Optimist2020 · 21/04/2025 14:28

@spaghettisocks you ask your solicitor for a Declaration of Trust when you purchase your home . So you haven’t protected yourself financially then ?

It doesn’t sound like it no l, is that something I can do now or not?

OP posts:
UndermyShoeJoe · 21/04/2025 14:33

Sounds like a bit of a cocklodger tbh

Yes he does childcare but that’s because he never worked full time.

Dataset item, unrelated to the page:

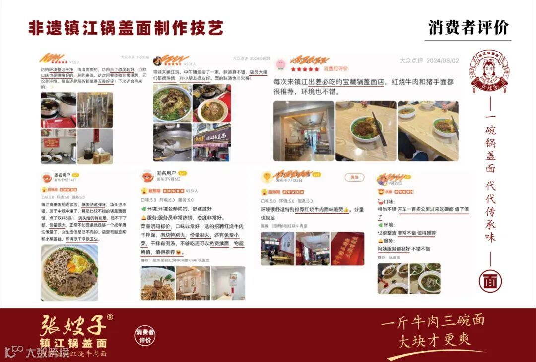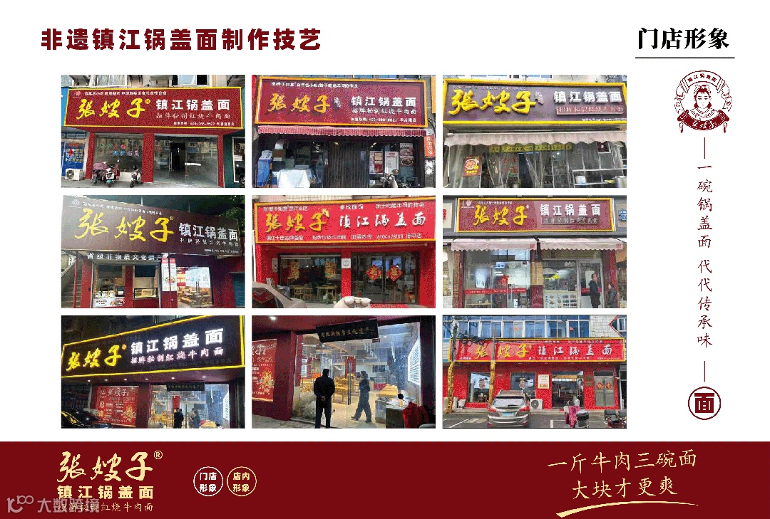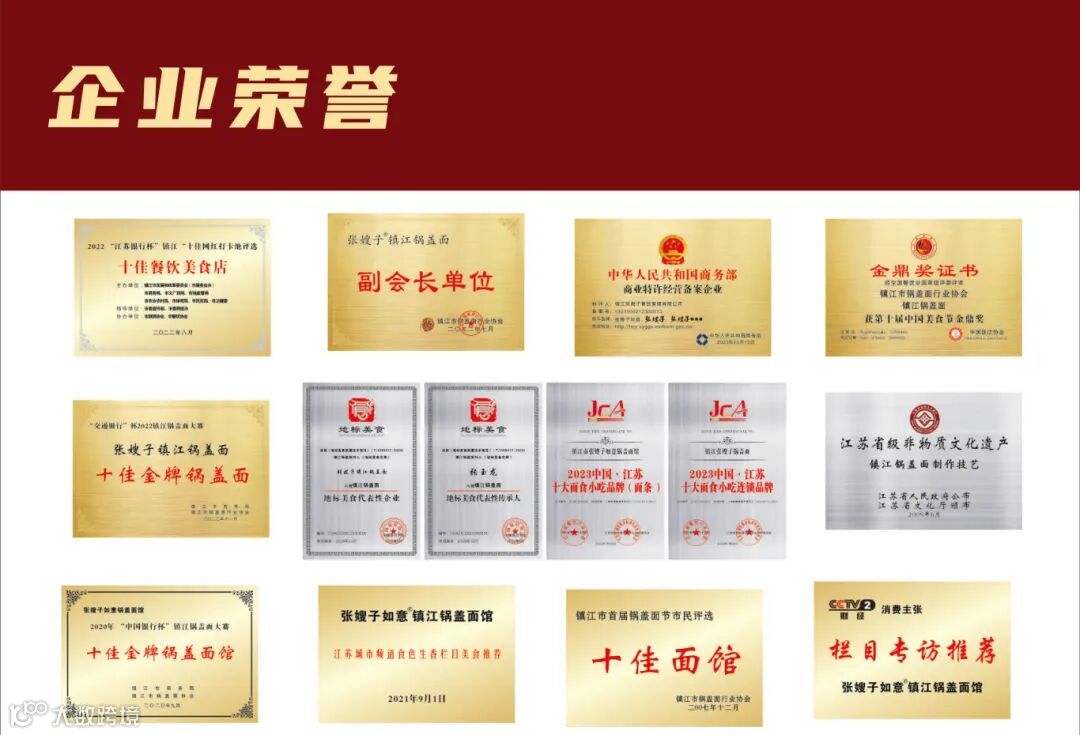 张嫂⼦镇江锅盖⾯馆由张⽟⻰先⽣传承祖辈 的技艺,于2007年创⽴⾄今,注册了“张嫂⼦”及“张嫂⼦锅盖⾯”商标;两届荣获镇江市⼗佳⾦牌锅盖⾯馆、镇江⼗佳⽹红打卡地、中国地标美⻝代表性企业、中国地标美⻝传承⼈等称号。并于2023年获得中国商务部的商业特许经营备案,同年获得江苏餐饮协会颁发的2023中国江苏⼗⼤⾯⻝⼩吃连锁品牌。主打招牌红烧⽜⾁⾯(⼀⽄⽜⾁三碗⾯),⽼少皆宜,交⼝称赞。历经数年开设加盟和学员⻔店 达60余家,⼈员包含了退伍军⼈、创业⼤学⽣、退休⼈员、下岗职⼯等近百余⼈。

Id definitely keep your finances completely separate though I would actually make him start paying towards ds more than his current share of bills. Even if it’s £100 a month, because currently his not even paying a penny towards his own child’s holiday or spends yet your supposed to be a couple.

Is the mortgage just yours? Fingers crossed. Don’t want him getting debt on the house.

Sunholidays · 21/04/2025 14:36

An idea: open a Revolut account for the holiday, pay in the amount that you think is reasonable for you and your DS expenses and ask him to pay in his amount (what he thinks is reasonable to cover his share) and ask him to be in charge of it. He will see how much you spend and if it goes down too quickly he might (hopefully) decide to be more careful....

PrincessFairyWren · 21/04/2025 14:38

My DH has always out earned me. I have at times worked part time as a parent to young children and also studied. We have always combined all our money into a joint bank account. I think the way you are talking about your DH here is not good and I would be very upset if my DH didn't want me to be on our family holiday. I also don't like the way you are speaking about him like a child who hasn't earned his pocket money so doesn't get a treat.

I think the bigger issue is you are upset that he mis-manages his money and doesn't work enough hours. This is a separate conversation. Have that conversation.

RechargeableGnu · 21/04/2025 14:39

I would not be going on this holiday. You'll be so full of resentment at everything he orders it will be no holiday for any of you.

mindutopia · 21/04/2025 14:39

Spending on holiday would come from our joint account, by that I mean, meals out. I would not expect Dh to choose cheap options if what he wants is a steak. But realistically, I would have a chat to begin with to say, how much extra do you think you’ll spend on alcohol, great, can you add that extra £300 to our account? Dh would put a beer he bought just from the bar on his personal account.

That said, unless there are other issues at play, it’s very luxurious of him to get 2 days a week off and not contribute as much to the joint pot. It makes sense when it meant saving money on childcare, but now with a child in school FT, especially if he wants money to burn on nice things, he needs to be working more.